COMPARATIVE STUDY
JOURNAL ARTICLE

Executive functioning in children: a comparison of hospitalised ODD and ODD/ADHD children and normal controls

Stephanie H M van Goozen, Peggy T Cohen-Kettenis, Heddeke Snoek, Walter Matthys, Hanna Swaab-Barneveld, Herman van Engeland
Journal of Child Psychology and Psychiatry, and Allied Disciplines 2004, 45 (2): 284-92
14982242

BACKGROUND: Deficits in executive functioning are supposed to have a predisposing influence on impulsive or aggressive behaviour. We tested the hypothesis that oppositional-defiant disorder (ODD) children with or without attention deficit hyperactivity disorder (ADHD) have problems in executive functioning.

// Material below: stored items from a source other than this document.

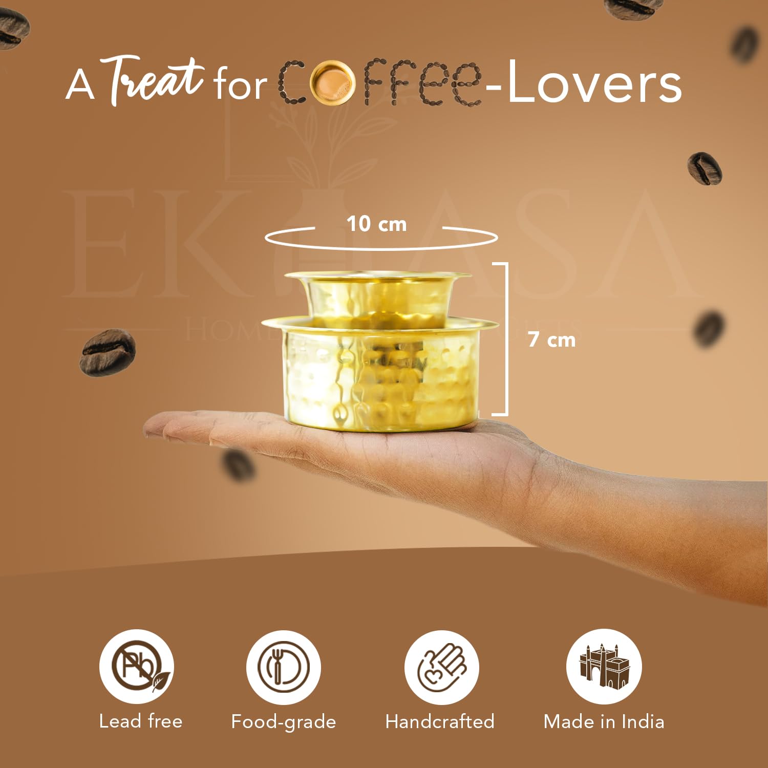 Whether you're a seasoned coffee connoisseur or searching for a unique gift that pays homage to South Indian traditions, the Ekhasa Hammered Dabara Set stands out as a beautiful representation of craftsmanship and utility. Experience the joy of coffee like never before with this exquisite brass set, designed for those who appreciate the finer things in life.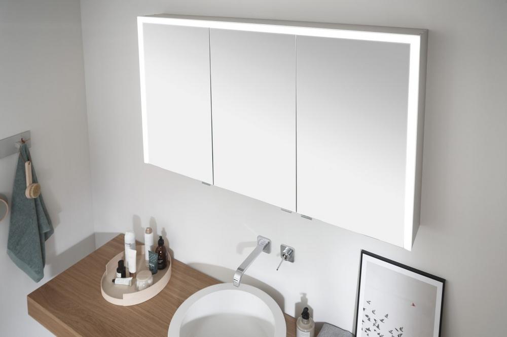 Die beleuchtete Rückwand setzt Flakons im Schrank in Szene und Licht von oben illuminiert auch bei geöffneten Türen. Licht, das den Waschplatz unter dem Spiegelschrank ausleuchtet, ist eine weitere Spielart von Licht im Bad. Die Auswahl ist so umfassend und unterschiedlich wie Platz und Einbausituationen in der Badestube.
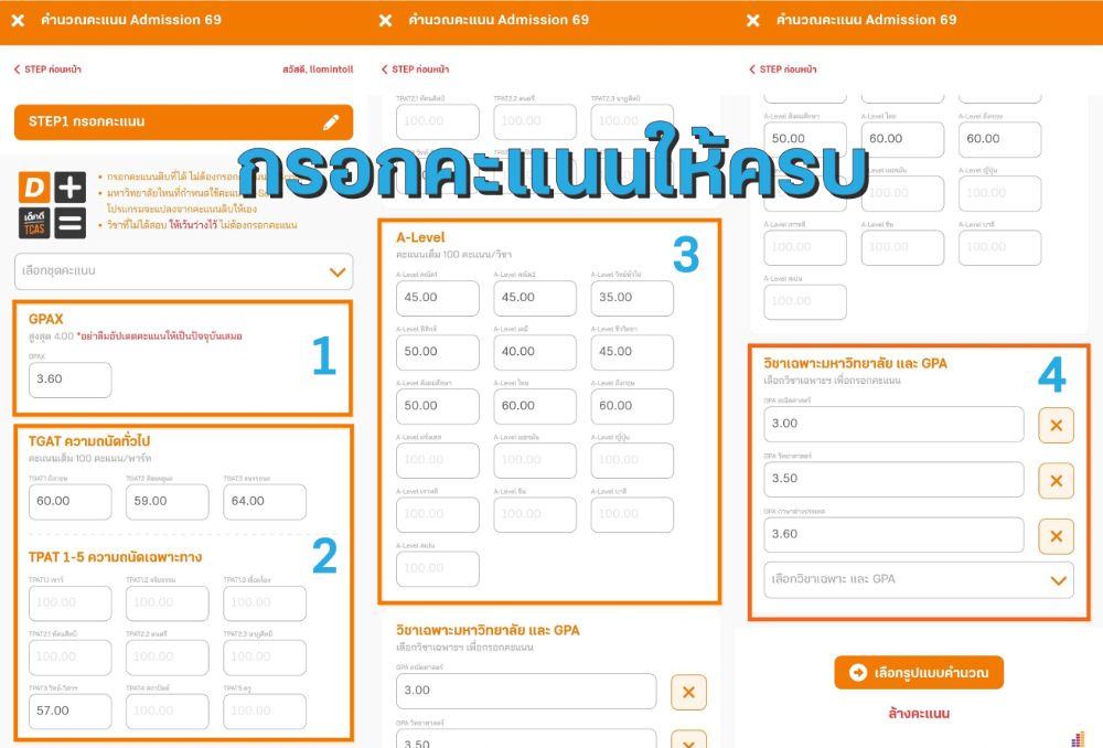 - กรอกคะแนนที่จำเป็น หากมีคะแนนแล้วให้ใส่คะแนนจริง หากยังไม่มีให้ใส่คะแนนจำลอง (คะแนนที่คิดว่าตัวเองจะทำได้)

METHOD: Seventy-seven 7- to 12-year-old children (15 ODD, 26 ODD/ADHD, and 36 normal controls), all with normal IQ, completed 7 neuropsychological measures of executive functioning, assessing the abilities of set shifting, planning, working memory, inhibition/attention, and impulsivity. Some of these tasks involved the possibility of monetary rewards with a view to testing the prediction of a specific motivational inhibitory deficit.

RESULTS: We found no evidence of deficits in working memory, planning, inhibition, or impulsivity. However, the ODD/ADHD group was worse than the normal control (NC) group in set shifting, and both the ODD and ODD/ADHD groups performed worse on a response perseveration task. Moreover, on the basis of one variable derived from a motivational inhibition task, 77% of the children could be correctly classified as ODD or NC.

CONCLUSIONS: The findings do not support the hypothesis that ODD and ODD/ADHD children have a deficit in executive inhibitory control; rather, they emphasise that they have problems in regulating their behaviour under motivational inhibitory conditions.